▶ **ENTRIES SHOWN**:
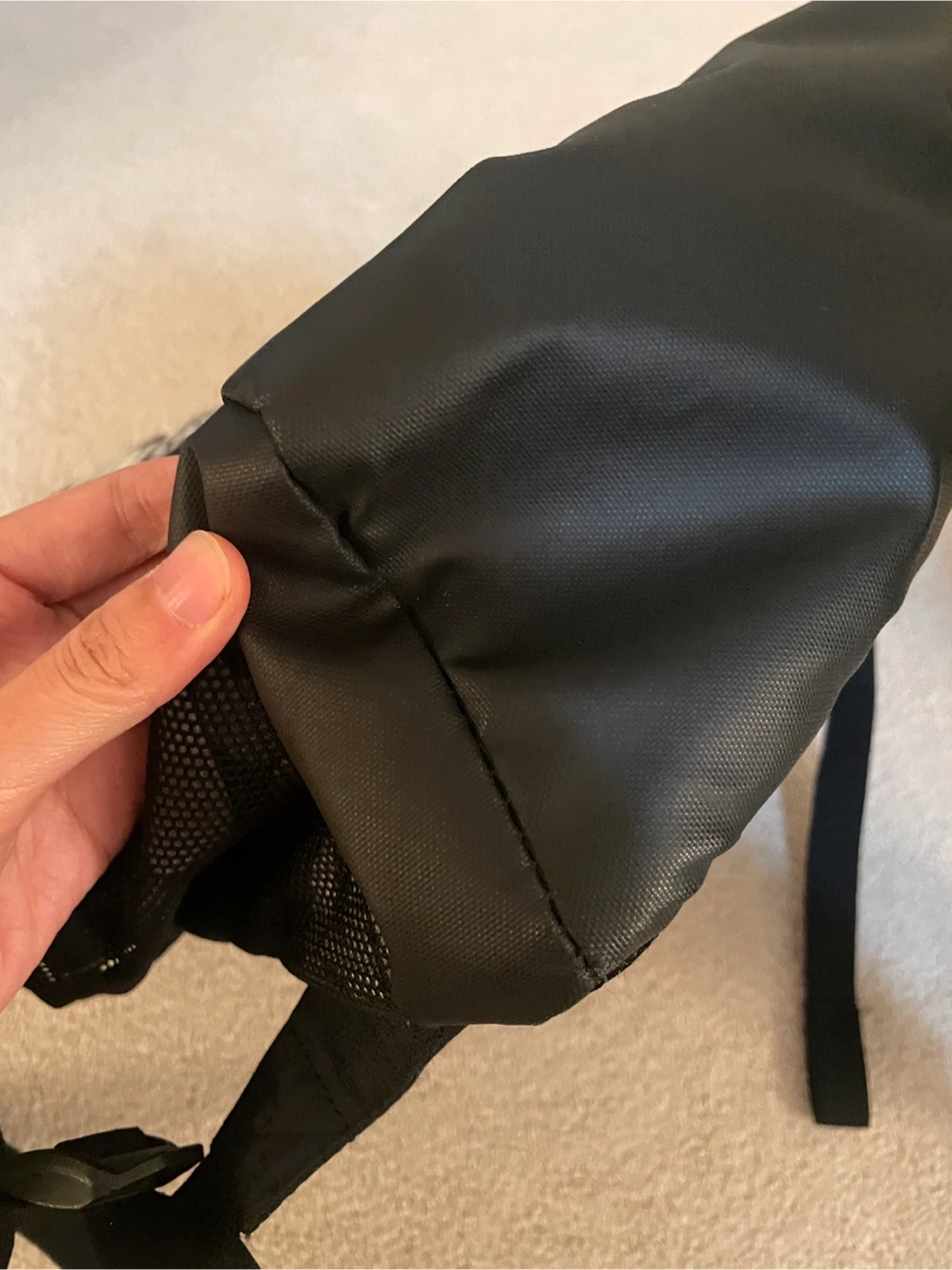 Nike backpack with a black and grey pattern. It features the Nike logo and has side pockets for water bottles or other items. Great for school, sports, or everyday use!
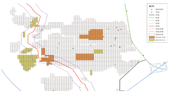從以上分析,可根據管道距離城鎮中心遠近及管道周?chē)擎偦俣葍蓚(gè)因素,來(lái)判斷是否為地區等級升級型高后果區。當管道所處位置距離城鎮中心較近且周?chē)擎偦l(fā)展速度較快,定性判斷為地區等級升級型高后果區。以某管道為例,該管道建設時(shí)期處在城鎮邊緣,地區等級為二級,距離城鎮中心3.2 km。管道周?chē)ㄔO用地年平均擴張0.66  km2,年均擴張率為3.12%,以同心圓形式向外側發(fā)展,使管道位于擴展邊緣,據此定性判斷該處為地區等級升級型高后果區。經(jīng)追蹤觀(guān)察其變化情況(圖 5),后期該區段地區等級由二級地區升級為四級地區,結果與真實(shí)情況符合。
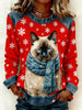 Women's Vintage Christmas Cat Denim Patchwork Sweatshirt
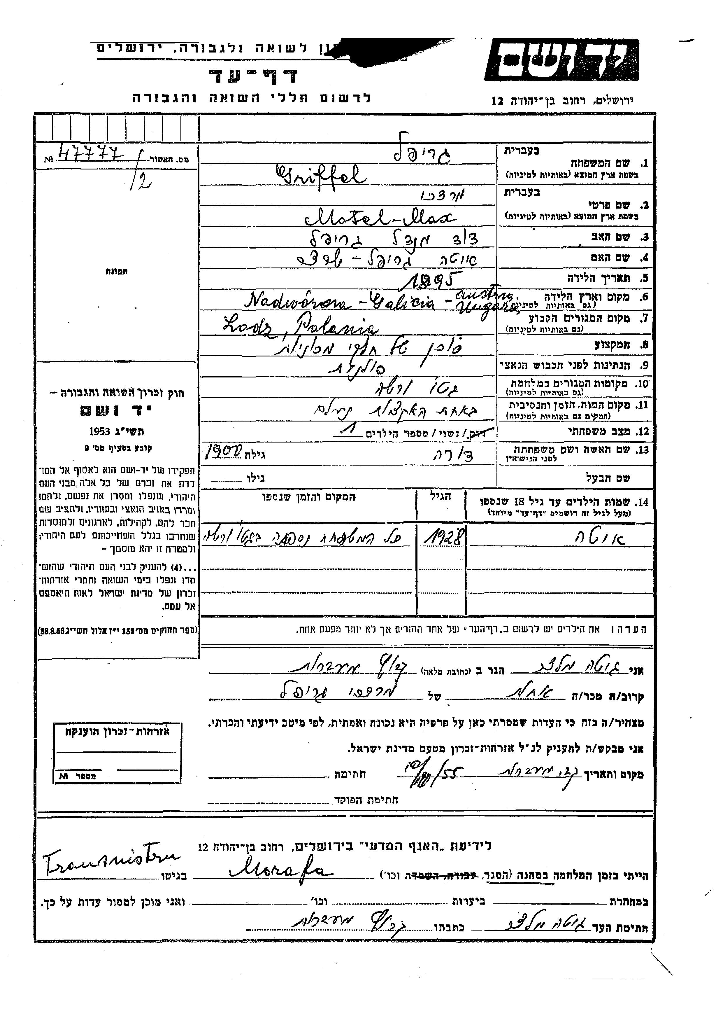 Motel Max Mordekhai Griffel wurde im Jahr 1895 in Nadvorna, Polen geboren. Er war der Sohn von David Mendel und Ita. Er war Vertreter/-in und mit Dora Verheiratet. Vor dem Zweiten Weltkrieg lebte er in Lodz, Polen. Während des Krieges war er in Warszawa, Polen.
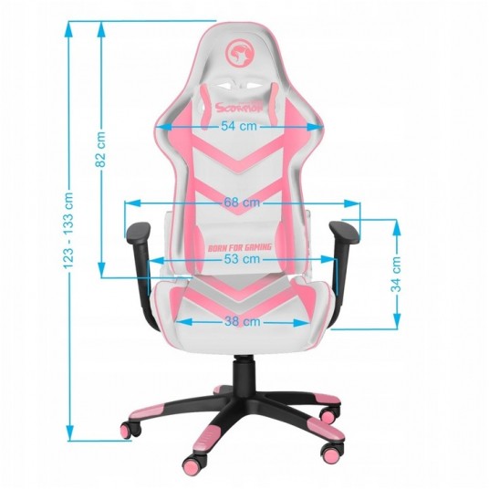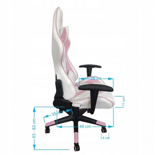 - Fotel gamingowy Marvo CH-106 Różowo-biały - Komfort podczas gry często przekłada się bezpośrednio na efekty rozgrywki - Wielogodzinne emocjonujące rozgrywki mogą być sporym obciążeniem dla gracza, dlatego warto zadbać o wygodę i bezpieczeństwo swojego ciała - Marvo CH-106 został wykonany z najwyższej jakości materiałów - Wytrzymała i stabilna podstawa nylonowa, kółka z PU i podłokietniki z PVC gwarantują długą żywotność i stabilność, a powierzchnia z syntetycznej skóry zapewnia wygodę niezależnie od sytuacji - Marvo CH-106 ma regulowany kąt nachylenia oparcia, który docenią zwłaszcza gracze, którzy potrzebują czasem odpoczynku w czasie wielogodzinnych rozgrywek - Oparcie można odchylić o 90 stopni, natomiast wyjmowane wkładki mają za zadanie zapewnić pełną regulację w zależności od potrzeb - Materiały: PU, PVC - Wysokość krzesła: 129-139 cm - Szerokość oparcia: 57 cm - Wysokość oparcia: 85 cm - Wysokość podłokietnika: 34 cm - Szerokość siedziska: 53 cm - Głębokość samego siedzenia: 50 cm - Wysokość siedziska: 44 - 54 cm (regulacja 10 cm dzięki tłokowi podnoszącemu) - Maksymalne obciążenie: 150 kg - Waga: 14 kg
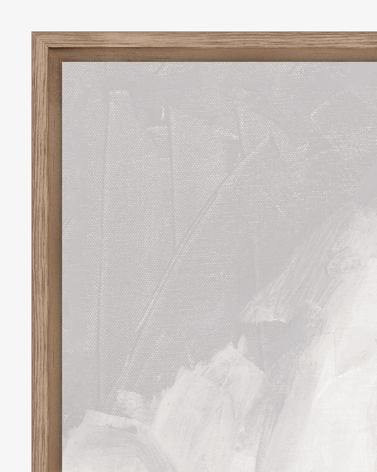 With a dramatic composition, Fractured II takes inspiration from nature, using a calming cool and neutral palette. Framed within natural wood, the piece elevates your decor with its details and museum-quality materials.Â
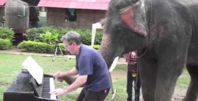 Un pianist joacă blues pian şi un elefant decide să-l însoţească. Videoclipuri din Sanctuarul de elefant din Thailanda Elephantstay.
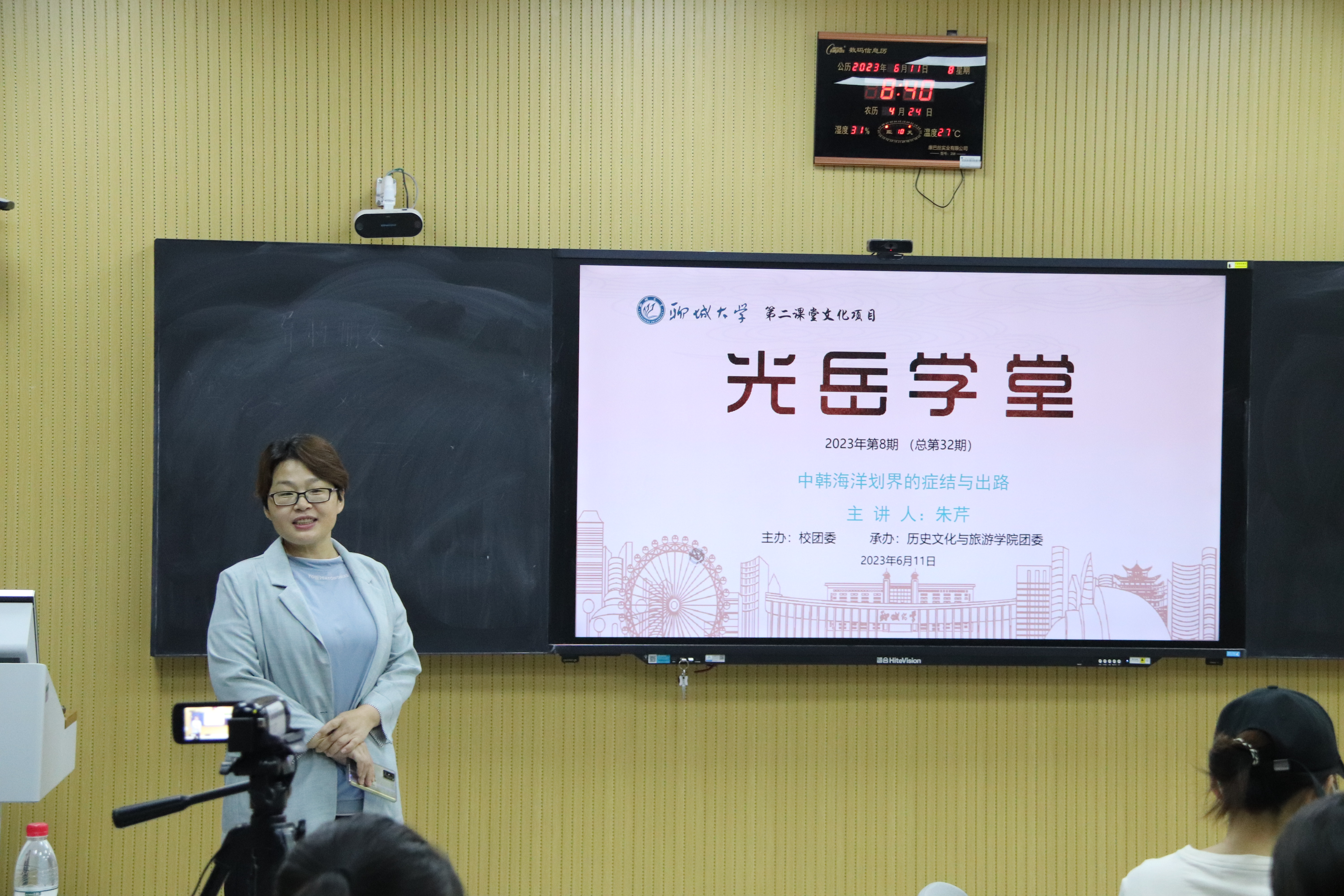 王作成副院长主持。本期课程题目为《中韩海洋划界的症结与出路》,复旦大学朱芹老师应邀担任主讲人。 朱芹老师主要围绕“世界海洋秩序变迁与海洋权益诉求”、“划界规则与划界方法”、“中韩权益主张”等方面来讲解中韩海洋划界的症结与出路。在海洋秩序变迁方面,朱老师根据学界已有成果,将世界海洋秩序划分为区域性无主时代、向全球性转型的霸权化时代、霸权主导与多国治理时代。其间,朱老师引用大量专业地图向同学们直观展示出韩海洋划界规则与方法,并引用地理学、国际法学、国际关系学等多学科知识讲解中韩在海洋方面的权益主张与中韩海洋划界的症结。在中韩海洋划界症结与出路这个问题上,她提出,伴随国际形势的变化,中韩海洋划界问题也将出现新的变动。新时代下提出的“海洋命运共同体”理念既是中国对未来海洋取向与实力趋向的一种叙事,也是对世界海洋规则、秩序与海权的一种塑造。我们倡导外交协商、建立平等互利、共商共建共享的新型海洋秩序。朱老师立足于问题意识,根据研究不断查找资料、反复求证,启发同学们史学研究要将宏观视野与微观分析、理论深度与历史厚度、学理分析与现实关怀结合起来。本期光岳学堂的举办,不仅让同学们了解到有关中韩海洋划界的相关知识,还有助于进一步培养其历史研究要结合时代需求的意识。 朱芹,复旦大学博士、助理研究员,《韩国研究论丛》责任编辑,复旦大学朝鲜韩国研究中心、中欧关系研究中心学术行政助理。韩国西江大学访问学者,美国霍普金斯大学访问学者。研究方向为中美与朝鲜半岛关系,朝鲜半岛独立运动史,中韩海洋问题。出版学术专著1部(《独立与依附:李承晚之外交独立思想》),发表SSCI等核心学术论文10余篇,撰写多篇半岛时评以及内部报告,主持国家社科后期资助项目1项,参与多项国家社科青年基金项目和上海市社科项目。

▶ **REQUIRED WORK**:
Using the data above, copy exactly the lines from the one containing "Women's Vintage Christmas" to the one containing "Motel Max Mordekhai", inclusive. Exclude the pictures.

▶ **WRITTEN ANSWER**:
 Women's Vintage Christmas Cat Denim Patchwork Sweatshirt
 Motel Max Mordekhai Griffel wurde im Jahr 1895 in Nadvorna, Polen geboren. Er war der Sohn von David Mendel und Ita. Er war Vertreter/-in und mit Dora Verheiratet. Vor dem Zweiten Weltkrieg lebte er in Lodz, Polen. Während des Krieges war er in Warszawa, Polen.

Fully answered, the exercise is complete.